I always figure it’s the lady’s place to tell this story first, so it makes it confusing when there’s two ladies involved – me, the asker, and The General, the askee.
This whole proposal thing had been planned for months. I’m sure The General knew it was going to happen. We had a jeweler named Chuck, who’d sent us a ring-sizer and all that jazz. We’d talked about it and knew we’d eventually do something more permanent, but we hadn’t really talked about when.
I’d had this planned for several months. And I’m not a planner.
The plan: go to the “Welcome to Fabulous Las Vegas” sign and propose in some fashion.
On Sunday, our last day in Vegas, the six of us drove Larry our Dodge Caravan down the strip to the sign. The parking lot was packed, but we eventually found a spot. Everyone was in on this little plan except for, of course, She Who Would Be Proposed To.
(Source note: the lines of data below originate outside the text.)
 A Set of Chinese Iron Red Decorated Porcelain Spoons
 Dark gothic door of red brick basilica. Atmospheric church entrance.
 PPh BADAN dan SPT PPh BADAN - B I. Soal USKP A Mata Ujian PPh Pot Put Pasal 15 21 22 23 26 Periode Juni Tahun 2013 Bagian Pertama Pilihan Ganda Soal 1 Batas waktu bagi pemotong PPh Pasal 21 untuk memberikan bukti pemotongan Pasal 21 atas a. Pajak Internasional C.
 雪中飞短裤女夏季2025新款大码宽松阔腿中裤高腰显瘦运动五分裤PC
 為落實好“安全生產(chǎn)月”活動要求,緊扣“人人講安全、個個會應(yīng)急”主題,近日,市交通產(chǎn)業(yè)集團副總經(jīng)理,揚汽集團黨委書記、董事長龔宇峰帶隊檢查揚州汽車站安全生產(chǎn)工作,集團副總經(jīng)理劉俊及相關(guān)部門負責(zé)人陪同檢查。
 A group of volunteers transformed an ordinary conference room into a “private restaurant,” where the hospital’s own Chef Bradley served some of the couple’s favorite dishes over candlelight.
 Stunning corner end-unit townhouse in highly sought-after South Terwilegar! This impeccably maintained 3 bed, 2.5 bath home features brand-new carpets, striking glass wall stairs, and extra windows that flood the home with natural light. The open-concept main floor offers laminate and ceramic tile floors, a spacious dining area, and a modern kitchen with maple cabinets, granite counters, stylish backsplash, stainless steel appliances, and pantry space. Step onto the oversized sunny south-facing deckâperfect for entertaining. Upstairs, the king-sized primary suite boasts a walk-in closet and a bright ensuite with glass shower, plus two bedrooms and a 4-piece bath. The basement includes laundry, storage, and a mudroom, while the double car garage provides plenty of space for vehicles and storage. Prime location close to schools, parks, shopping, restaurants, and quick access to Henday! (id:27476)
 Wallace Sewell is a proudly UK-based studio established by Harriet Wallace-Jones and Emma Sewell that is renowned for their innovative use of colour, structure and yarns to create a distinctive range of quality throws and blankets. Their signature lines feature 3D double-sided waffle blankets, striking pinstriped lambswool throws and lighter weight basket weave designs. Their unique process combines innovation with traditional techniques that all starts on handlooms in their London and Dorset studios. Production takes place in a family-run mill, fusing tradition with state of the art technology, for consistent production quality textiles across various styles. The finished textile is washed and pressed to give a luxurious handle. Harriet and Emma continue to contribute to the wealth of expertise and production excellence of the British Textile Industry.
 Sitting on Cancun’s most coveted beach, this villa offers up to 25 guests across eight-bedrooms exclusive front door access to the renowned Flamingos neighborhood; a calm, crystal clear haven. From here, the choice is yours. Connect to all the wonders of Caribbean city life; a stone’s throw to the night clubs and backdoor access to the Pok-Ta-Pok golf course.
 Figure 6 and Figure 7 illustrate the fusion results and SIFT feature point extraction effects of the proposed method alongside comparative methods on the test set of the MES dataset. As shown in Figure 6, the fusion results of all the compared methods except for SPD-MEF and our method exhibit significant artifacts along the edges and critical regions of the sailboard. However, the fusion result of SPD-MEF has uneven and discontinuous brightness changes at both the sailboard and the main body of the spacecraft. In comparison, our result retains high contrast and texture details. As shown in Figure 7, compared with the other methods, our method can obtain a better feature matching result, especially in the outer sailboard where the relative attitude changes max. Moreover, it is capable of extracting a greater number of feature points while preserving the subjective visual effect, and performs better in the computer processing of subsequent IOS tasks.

Step 1: Have our friends take our picture in front of the Welcome to Fabulous Las Vegas Sign:
Step 2: Say “I was making a dumb face” and get another picture taken, but instead do this:
Step 3: Hear the word yes.
Step 4: Celebrate with friends.
Thank you, thank you, thank you to my homies that were there to make sure it went off without a hitch, photographing it, and doing whatever it took to make sure it happened. I love you guys a lot and I’m so glad you were all there.